**Instructions to follow:**
Look through the material below and copy exactly the lines from the line with "(서울=포커스뉴스) 7일 오후" to the line with "附属公司万通保险获惠誉维持「A-」财务实力评级", those two lines included.

**Data supplied:**
---------------

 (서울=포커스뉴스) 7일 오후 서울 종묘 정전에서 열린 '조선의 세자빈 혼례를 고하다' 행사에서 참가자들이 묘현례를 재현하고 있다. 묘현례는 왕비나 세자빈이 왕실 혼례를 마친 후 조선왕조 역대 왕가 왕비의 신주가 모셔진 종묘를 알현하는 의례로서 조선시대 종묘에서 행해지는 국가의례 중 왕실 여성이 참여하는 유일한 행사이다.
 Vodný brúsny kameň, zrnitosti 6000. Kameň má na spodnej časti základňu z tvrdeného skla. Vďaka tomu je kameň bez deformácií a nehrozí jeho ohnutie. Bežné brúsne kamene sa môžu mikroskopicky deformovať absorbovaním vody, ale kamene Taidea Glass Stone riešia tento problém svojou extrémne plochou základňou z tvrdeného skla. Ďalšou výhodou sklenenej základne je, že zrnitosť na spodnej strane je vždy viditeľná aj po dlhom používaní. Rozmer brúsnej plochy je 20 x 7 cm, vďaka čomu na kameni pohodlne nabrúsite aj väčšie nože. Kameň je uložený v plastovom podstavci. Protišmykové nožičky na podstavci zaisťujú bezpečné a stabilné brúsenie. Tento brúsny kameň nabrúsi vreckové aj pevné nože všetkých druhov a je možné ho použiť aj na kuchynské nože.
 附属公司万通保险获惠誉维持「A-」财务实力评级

---------------

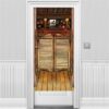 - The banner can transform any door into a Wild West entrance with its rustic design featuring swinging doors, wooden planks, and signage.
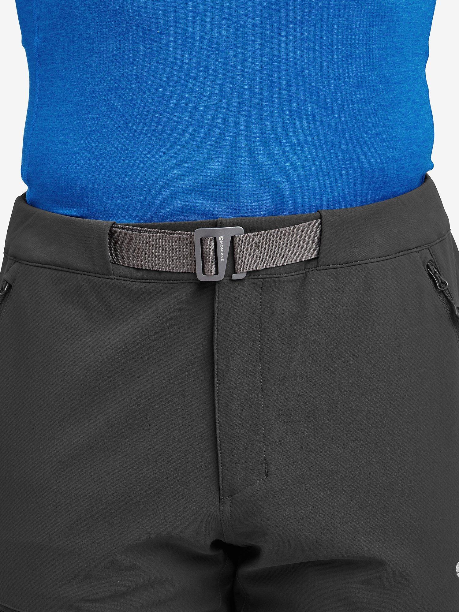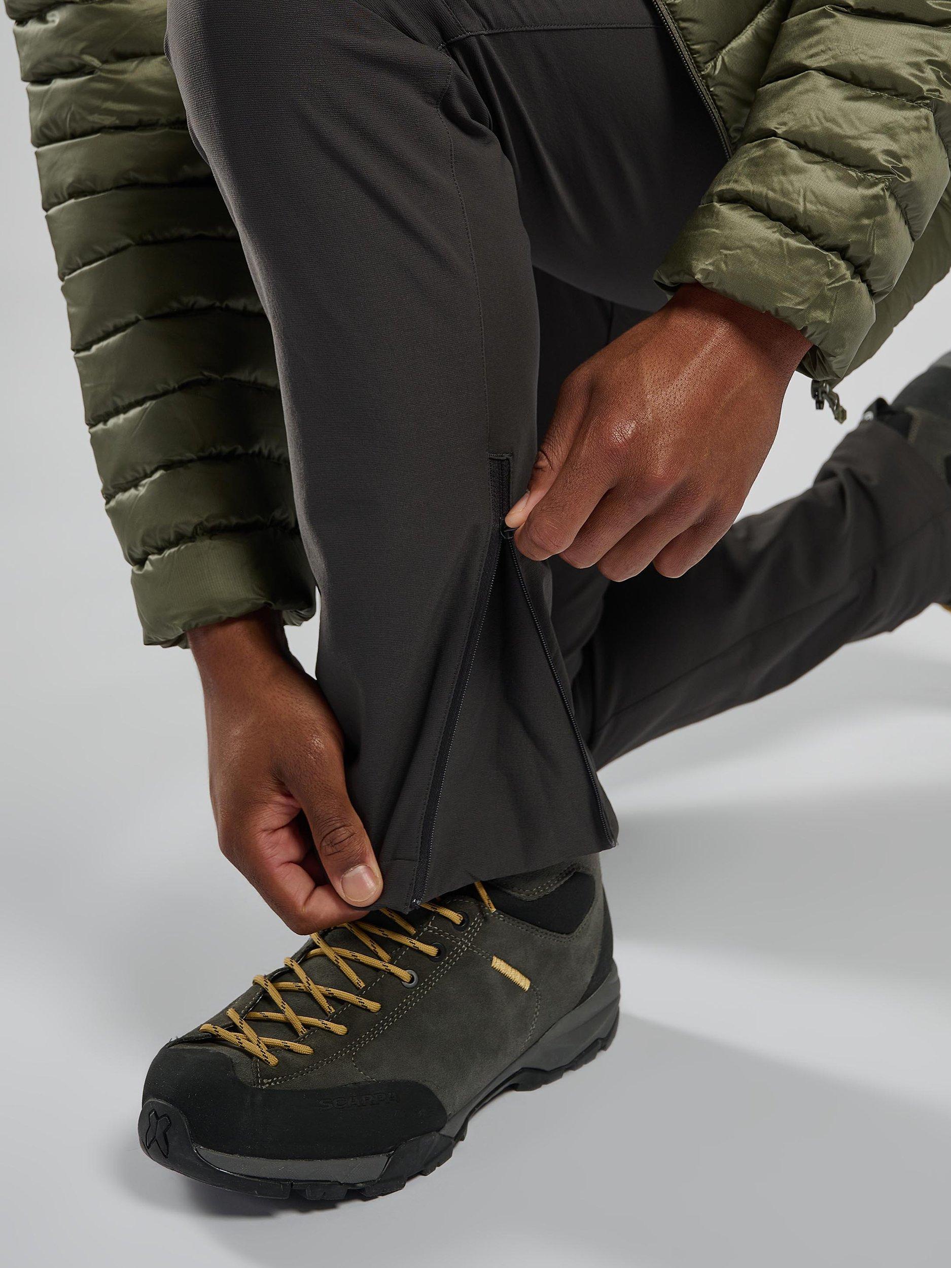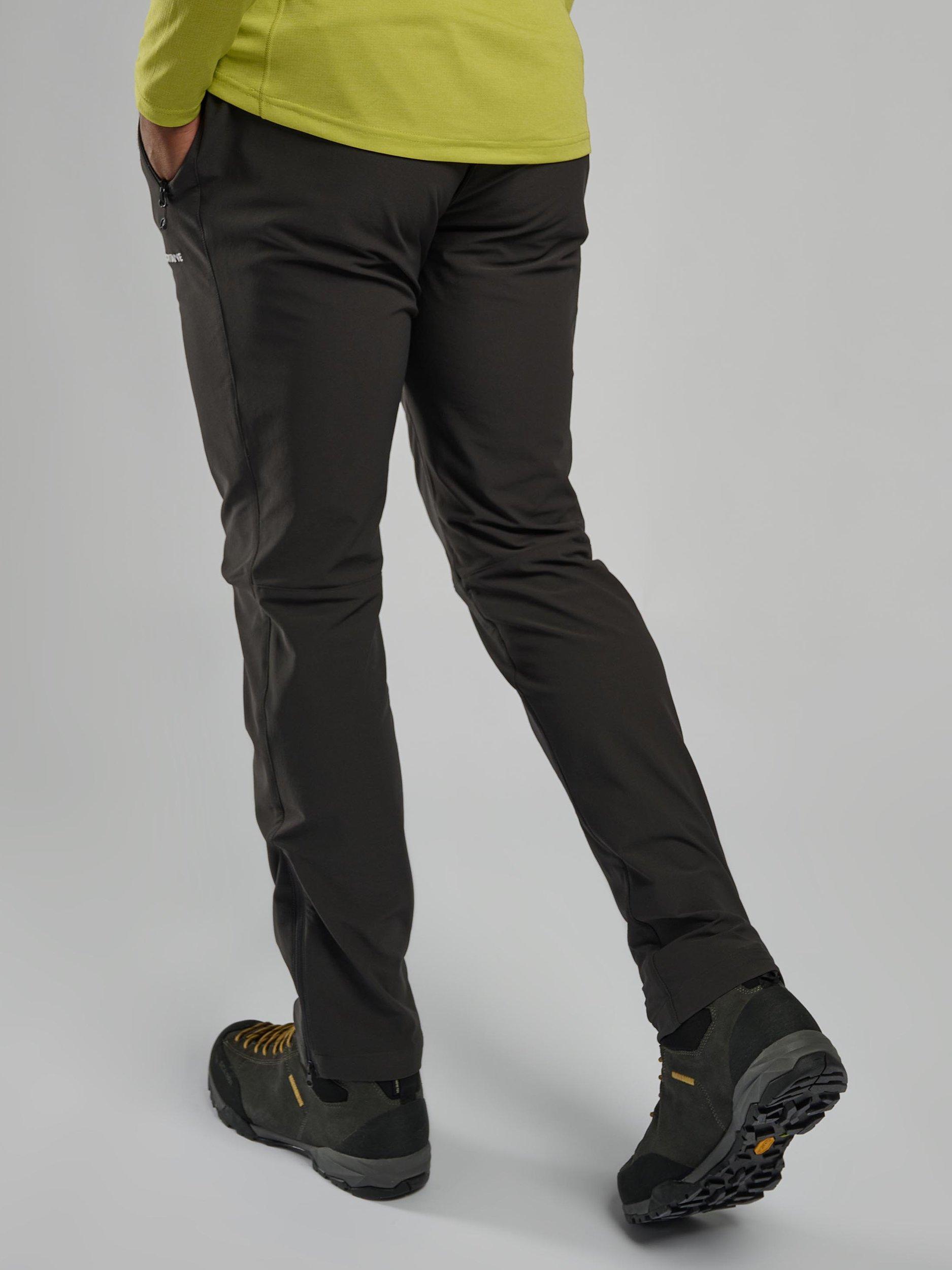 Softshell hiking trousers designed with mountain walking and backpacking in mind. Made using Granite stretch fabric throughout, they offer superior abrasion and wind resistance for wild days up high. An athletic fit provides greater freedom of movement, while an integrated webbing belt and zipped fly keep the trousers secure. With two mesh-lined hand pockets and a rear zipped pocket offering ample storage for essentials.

---------------

**Exercise response:**
 (서울=포커스뉴스) 7일 오후 서울 종묘 정전에서 열린 '조선의 세자빈 혼례를 고하다' 행사에서 참가자들이 묘현례를 재현하고 있다. 묘현례는 왕비나 세자빈이 왕실 혼례를 마친 후 조선왕조 역대 왕가 왕비의 신주가 모셔진 종묘를 알현하는 의례로서 조선시대 종묘에서 행해지는 국가의례 중 왕실 여성이 참여하는 유일한 행사이다.
 Vodný brúsny kameň, zrnitosti 6000. Kameň má na spodnej časti základňu z tvrdeného skla. Vďaka tomu je kameň bez deformácií a nehrozí jeho ohnutie. Bežné brúsne kamene sa môžu mikroskopicky deformovať absorbovaním vody, ale kamene Taidea Glass Stone riešia tento problém svojou extrémne plochou základňou z tvrdeného skla. Ďalšou výhodou sklenenej základne je, že zrnitosť na spodnej strane je vždy viditeľná aj po dlhom používaní. Rozmer brúsnej plochy je 20 x 7 cm, vďaka čomu na kameni pohodlne nabrúsite aj väčšie nože. Kameň je uložený v plastovom podstavci. Protišmykové nožičky na podstavci zaisťujú bezpečné a stabilné brúsenie. Tento brúsny kameň nabrúsi vreckové aj pevné nože všetkých druhov a je možné ho použiť aj na kuchynské nože.
 附属公司万通保险获惠誉维持「A-」财务实力评级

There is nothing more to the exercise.